A month later, the world saw images of mass graves in the Kyiv suburb of Bucha, dead limbs sticking out of the sand. Outside our building one morning, on an old brick wall that was previously empty, was a fresh message, the paint still wet: “Russians, go home.” My boyfriend went back to Russia so he could obtain a European visa, promising he would be back in a month, but he never returned.

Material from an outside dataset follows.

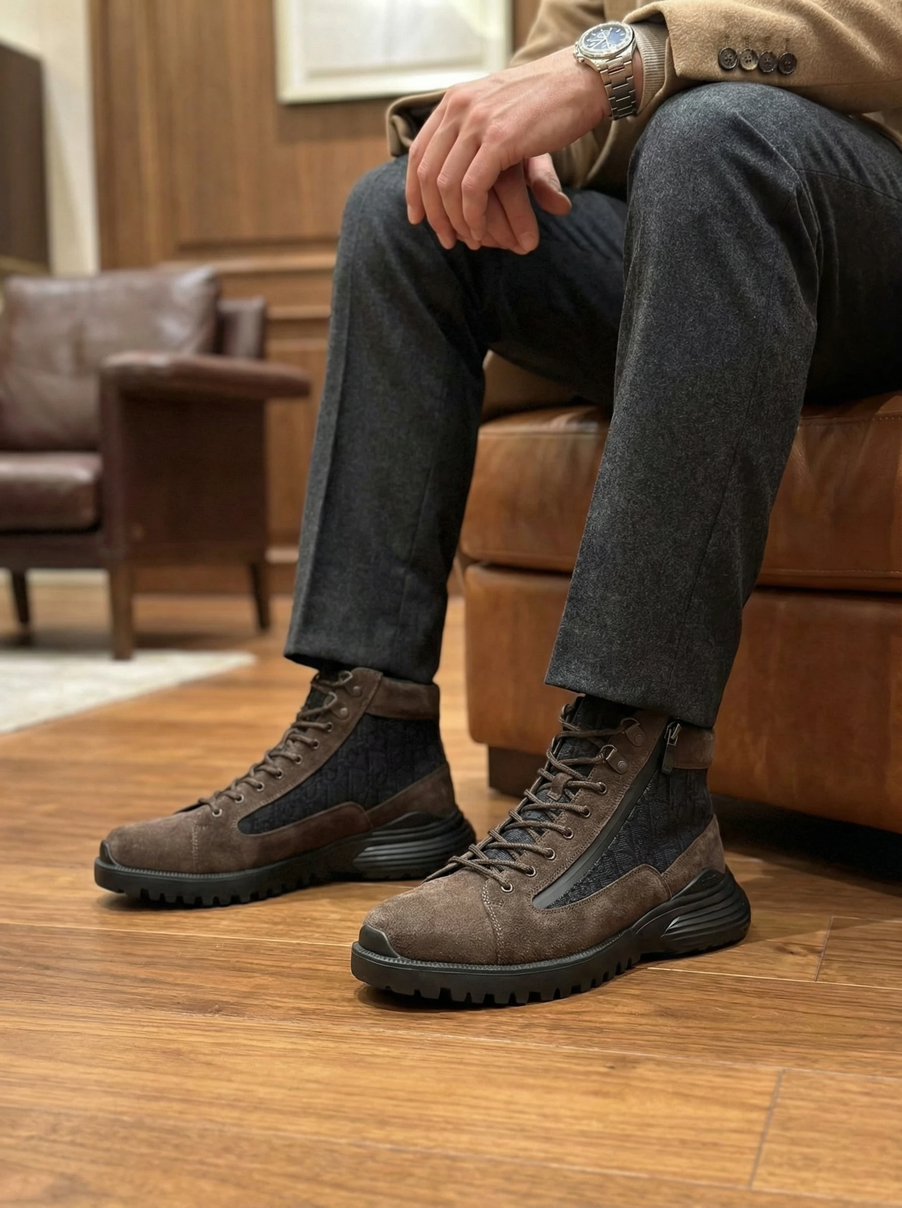 • Верх: мягкая натуральная замша тёплого коричневого тона с аккуратной строчкой, придающей ботинкам структурированность и долговечность.

I spent the rest of the year on the move: Cyprus, Estonia, Norway, France, Austria, Hungary, Sweden. I went where I had friends. The independent Russian media that I’d always consumed went into exile too, setting up operations where they could. TV Rain began broadcasting out of Amsterdam. Meduza moved its Russian branch to Europe. The newspaper Novaya Gazeta, cofounded by the Nobel Peace Prize laureate Dmitry Muratov, reopened in Latvia. Farida Rustamova, a former BBC Russia correspondent, fled and launched a Substack called Faridaily, where she began publishing information from Kremlin insiders. Journalists working for the independent news website Important Stories, which published names and photos of Russian soldiers involved in the murder of civilians in a Ukrainian village, went to Czechia. These, along with 247,000 other websites, were blocked at the behest of the Prosecutor General’s Office but remained accessible in Russia through VPNs.

“During the first days of the war, everything was in a fog,” says Ilya Krasilshchik, the former publisher of Meduza, who went on to found Help Desk, which combines news media and a help hotline for those impacted by war. “We felt it our duty to inform people of what the Russian army was doing in Ukraine, to document the hell that despair and powerlessness leave in their wake. But we also wanted to empathize with all of the people caught up in this meat grinder.” Taisiya Bekbulatova, a former special correspondent for Meduza and the founder of the news outlet Holod, tells me, “In nature you find parasites that can force their host to act in the parasite’s own interest, and propaganda, I believe, works in much the same way. That’s why we felt it was our duty to provide people with more information.”

I wanted to continue my work in journalism, but the publications that had fled Russia weren’t hiring. My application for a Latvian humanitarian visa as an independent journalist was rejected, and I didn’t have the means to pay the fees for US or UK talent visas.